Items from a data source:
§
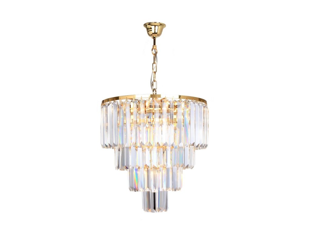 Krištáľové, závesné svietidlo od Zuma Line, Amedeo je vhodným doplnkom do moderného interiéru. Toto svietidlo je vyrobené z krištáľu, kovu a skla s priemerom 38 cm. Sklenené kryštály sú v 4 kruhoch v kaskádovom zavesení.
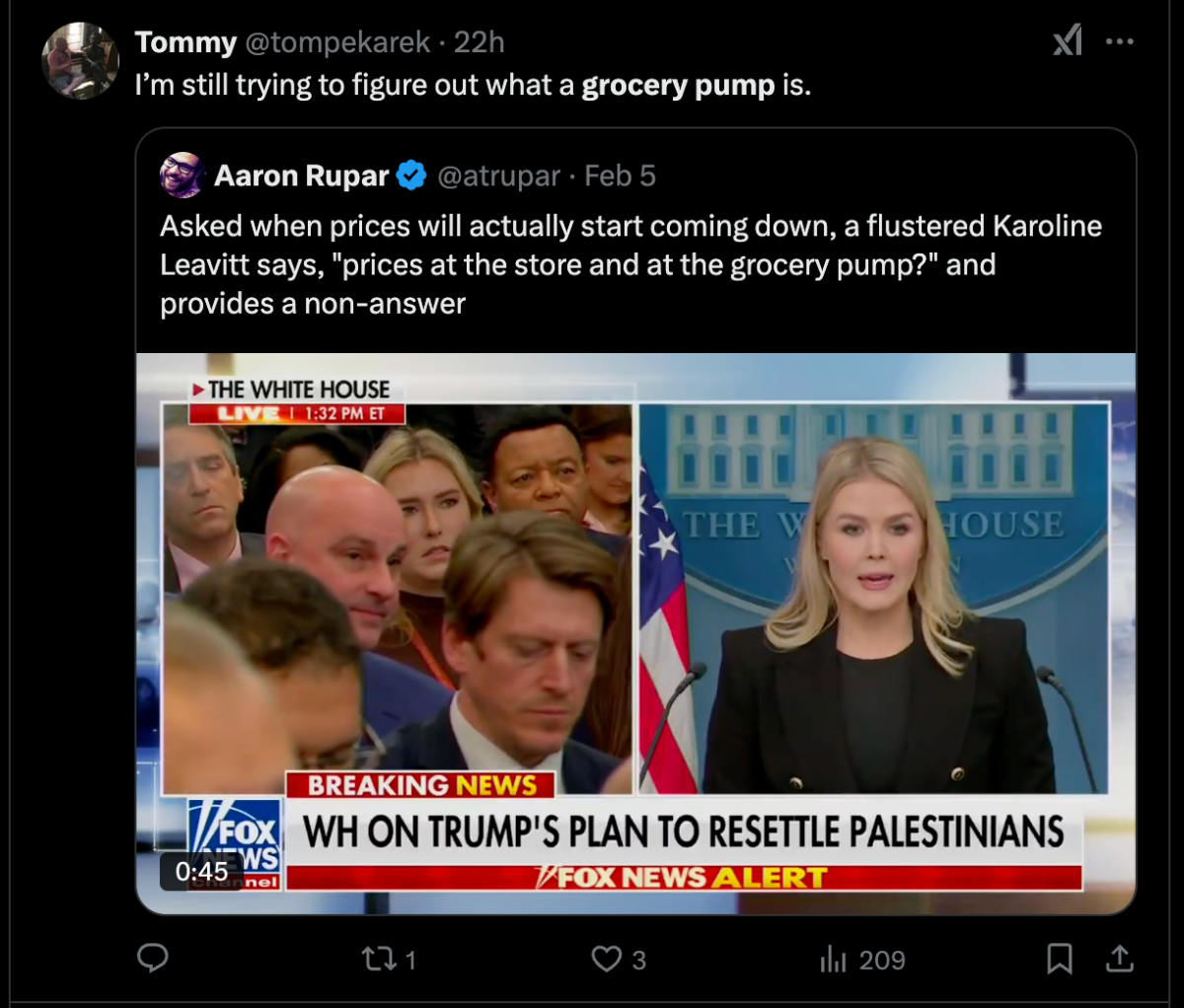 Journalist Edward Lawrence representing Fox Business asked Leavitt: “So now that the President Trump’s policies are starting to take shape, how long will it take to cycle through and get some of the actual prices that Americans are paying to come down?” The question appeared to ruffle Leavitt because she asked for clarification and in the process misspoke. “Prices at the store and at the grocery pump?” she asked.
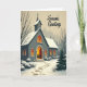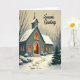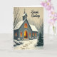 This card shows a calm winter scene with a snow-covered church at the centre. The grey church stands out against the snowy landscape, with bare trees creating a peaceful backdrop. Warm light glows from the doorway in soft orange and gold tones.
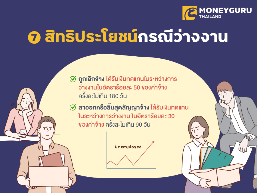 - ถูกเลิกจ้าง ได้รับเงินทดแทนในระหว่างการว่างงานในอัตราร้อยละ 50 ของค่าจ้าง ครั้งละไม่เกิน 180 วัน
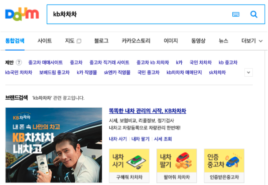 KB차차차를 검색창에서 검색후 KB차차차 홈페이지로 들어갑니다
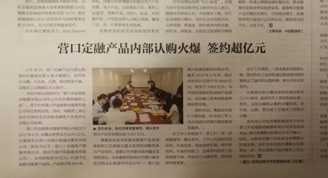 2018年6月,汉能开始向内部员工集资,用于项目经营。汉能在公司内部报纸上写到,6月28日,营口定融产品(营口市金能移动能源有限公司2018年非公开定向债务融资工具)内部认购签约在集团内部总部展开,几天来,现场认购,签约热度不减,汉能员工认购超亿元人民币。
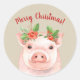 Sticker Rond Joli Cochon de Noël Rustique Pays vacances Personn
§
§ **DESCRIPTION OF THE TASK**:
Retype the entries above exactly. Stop after the line containing "Journalist Edward Lawrence", and omit the pictures.

§ **EXERCISE SOLUTION**:
 Krištáľové, závesné svietidlo od Zuma Line, Amedeo je vhodným doplnkom do moderného interiéru. Toto svietidlo je vyrobené z krištáľu, kovu a skla s priemerom 38 cm. Sklenené kryštály sú v 4 kruhoch v kaskádovom zavesení.
 Journalist Edward Lawrence representing Fox Business asked Leavitt: “So now that the President Trump’s policies are starting to take shape, how long will it take to cycle through and get some of the actual prices that Americans are paying to come down?” The question appeared to ruffle Leavitt because she asked for clarification and in the process misspoke. “Prices at the store and at the grocery pump?” she asked.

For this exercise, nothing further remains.